Żegluga śródlądowa w Czechach podlega rządowi. Państwo prowadzi inwestycje związane z jej rozwojem. Czechy posiadają swoje terytorium w porcie w Hamburgu. Na obszarze kraju natomiast znajdują się trzy baseny rzeczne trzech dużych rzek – Dunaju, Łaby i Odry. Roczny budżet inwestycyjny przeznaczony na naprawy, budowę nowych portów, kolei, centrów serwisowych, naprawę statków wynosi 500 milionów euro. Zarządzaniem i wykorzystaniem tego budżetu zajmuje się właśnie Dyrektoriat ds. Dróg Wodnych, który liczy zaledwie 25 osób.

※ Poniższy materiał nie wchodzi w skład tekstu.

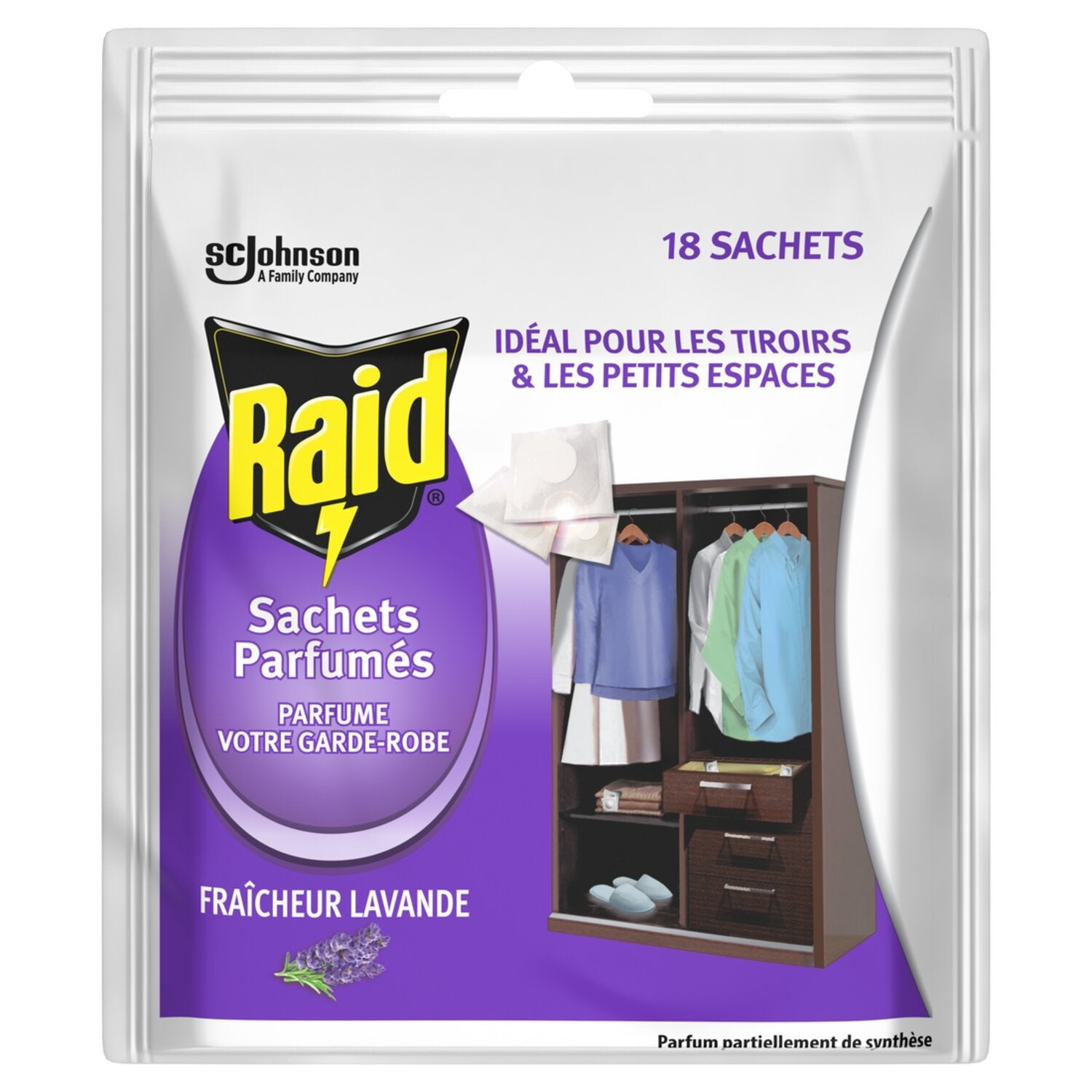 Raid® scented sachets diffuse a pleasant lavender fragrance in your wardrobe for up to 2 months. The sachets are packaged in micro-perforated sachets to: 1- Guarantee a regular and controlled diffusion of the lavender fragrance for up to 2 months. 2- Allow them to be placed directly in contact with your textiles or in the pockets of your clothes without leaving any traces or damaging them. Dangerous. Follow the precautions for use. Partially synthetic fragrance.

Czeskie projekty długoterminowe będą prowadzone w kierunku połączenia trzech wspomnianych rzek – Dunaju, Łaby i Odry. Obecnie przygotowywane jest studium wykonalności tej inwestycji. Członkami komitetu monitorującego są Dyrektoriat ds. Dróg Wodnych oraz polscy i słowaccy partnerzy. Studium wykonalności odpowie na pytanie, czy projekt warto realizować. Zakończenie prac spodziewane jest w styczniu 2018 r.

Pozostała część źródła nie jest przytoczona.